Daily Racing Form National Digital Edition

LAVA LANE GOES TURF TO DIRT IN OPENER,

- By Brad Free

Following six months at Santa Anita and preceding seven weeks at Del Mar, the Southern California circuit drops by Los Alamitos Racecourse for a short visit starting Friday, opening day of the twoweek, all-dirt meet, which runs through Monday, July 5.

Pick-six bettors welcome the menu at Los Alamitos, the only track in Southern California that offers a traditiona­l $2 pick six unencumber­ed by a jackpot provision. Los Alamitos also is the only track on the circuit without a turf course, and surface-switchers will see plenty of action during the seven-day meet.

The turf-to-dirt dilemma applies in both six-furlong allowance races Friday – race 5, for Cal-bred fillies and mares, and race 7, an entry-level allowance. The most probable winner Friday is lightly raced turf filly Lava Lane in race 5, assuming she is as effective on dirt. Thumbs up from trainer Phil D’Amato.

“Turf horses do really well on the Los Al main strip because it’s just a little bit faster track that has more bounce to it,” D’Amato said. “And she’s trained there for the last year.”

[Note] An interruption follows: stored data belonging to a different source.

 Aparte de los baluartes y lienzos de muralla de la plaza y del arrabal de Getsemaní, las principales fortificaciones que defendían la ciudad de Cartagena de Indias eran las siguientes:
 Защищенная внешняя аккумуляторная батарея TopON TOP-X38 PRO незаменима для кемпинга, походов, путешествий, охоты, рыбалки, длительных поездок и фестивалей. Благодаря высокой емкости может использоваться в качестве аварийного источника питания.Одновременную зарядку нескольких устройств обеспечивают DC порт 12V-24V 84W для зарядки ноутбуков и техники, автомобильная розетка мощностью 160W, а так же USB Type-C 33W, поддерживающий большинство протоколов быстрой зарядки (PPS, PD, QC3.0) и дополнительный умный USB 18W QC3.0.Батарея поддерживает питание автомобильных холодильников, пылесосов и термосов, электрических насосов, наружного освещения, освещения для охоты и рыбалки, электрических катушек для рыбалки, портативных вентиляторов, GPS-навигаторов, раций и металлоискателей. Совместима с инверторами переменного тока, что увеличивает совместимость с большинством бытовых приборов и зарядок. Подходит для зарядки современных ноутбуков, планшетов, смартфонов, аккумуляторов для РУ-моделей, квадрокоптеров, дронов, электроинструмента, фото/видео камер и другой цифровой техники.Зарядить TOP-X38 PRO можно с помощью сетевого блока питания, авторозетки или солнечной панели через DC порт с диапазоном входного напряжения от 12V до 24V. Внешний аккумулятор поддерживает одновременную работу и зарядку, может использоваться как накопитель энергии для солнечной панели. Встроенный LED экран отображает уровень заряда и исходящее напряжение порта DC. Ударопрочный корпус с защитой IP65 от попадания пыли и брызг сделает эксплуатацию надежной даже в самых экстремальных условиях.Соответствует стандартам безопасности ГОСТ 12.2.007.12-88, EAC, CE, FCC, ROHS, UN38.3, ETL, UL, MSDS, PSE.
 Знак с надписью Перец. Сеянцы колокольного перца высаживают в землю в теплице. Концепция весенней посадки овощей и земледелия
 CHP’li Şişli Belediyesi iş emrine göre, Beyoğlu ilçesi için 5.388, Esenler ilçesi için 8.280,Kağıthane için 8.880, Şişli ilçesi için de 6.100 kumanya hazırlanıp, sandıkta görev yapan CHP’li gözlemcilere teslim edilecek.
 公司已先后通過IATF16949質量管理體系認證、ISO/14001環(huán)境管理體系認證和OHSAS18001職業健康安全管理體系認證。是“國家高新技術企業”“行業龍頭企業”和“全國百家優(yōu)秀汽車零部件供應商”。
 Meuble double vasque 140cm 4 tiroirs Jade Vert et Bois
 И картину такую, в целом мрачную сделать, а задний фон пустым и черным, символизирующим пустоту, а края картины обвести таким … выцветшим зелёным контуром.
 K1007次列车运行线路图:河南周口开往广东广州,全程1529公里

Lava Lane has raced twice, both in turf sprints. She finished a troubled third in her debut last summer, took time off with what D’Amato described as “little issues,” and returned last month at Santa Anita with a powerful maiden win by more than five lengths. She has trained well since.

“She had two really nice back-to-back five-eighths drills, so I think she should be ready to go,” D’Amato said.

Lava Lane would be the first Los Alamitos winner for Umberto Rispoli, one of the top three jockeys in Southern California along with Flavien Prat and Juan Hernandez. Rispoli is 0 for 16 at Los Alamitos.

D’Amato, whose 52 wins at Santa Anita led the trainer standings, is likely to start additional turf-to-dirt runners at Los Alamitos, mostly Calbreds.

“The way the Cal-bred program is, you can win the same condition twice, on different surfaces,” he said. “It gives [Lava Lane] the opportunit­y to win on the dirt, and then come back and try to get the same condition on the grass.”

The main rival for Lava Lane is turf-to-dirt front-runner Capital Heat. Her last four starts were on turf but she has run well on dirt. Others in the race 5 allowance include comebacker Ten the Smart Way, Homehome, and Miss Carousel.

Six colts and geldings entered race 7, including two principals returning to dirt with solid recent form on turf. Fratelli is a front-runner whose five wins include four on dirt. Hernandez rides for trainer Peter Miller.

Notre Dame finished second last out in a starter-allowance turf sprint. Rispoli rides Notre Dame for Doug O’Neill, whose second entrant I Will Not might be the one to beat. Mario Gutierrez rides I Will Not, who could tuck into a cozy trip just off the speed.

The others in race 7 are Handsome Cat, Full of Luck, and Coastal Kid. First post Friday is 1 p.m. The pick six covers races 3 to 8.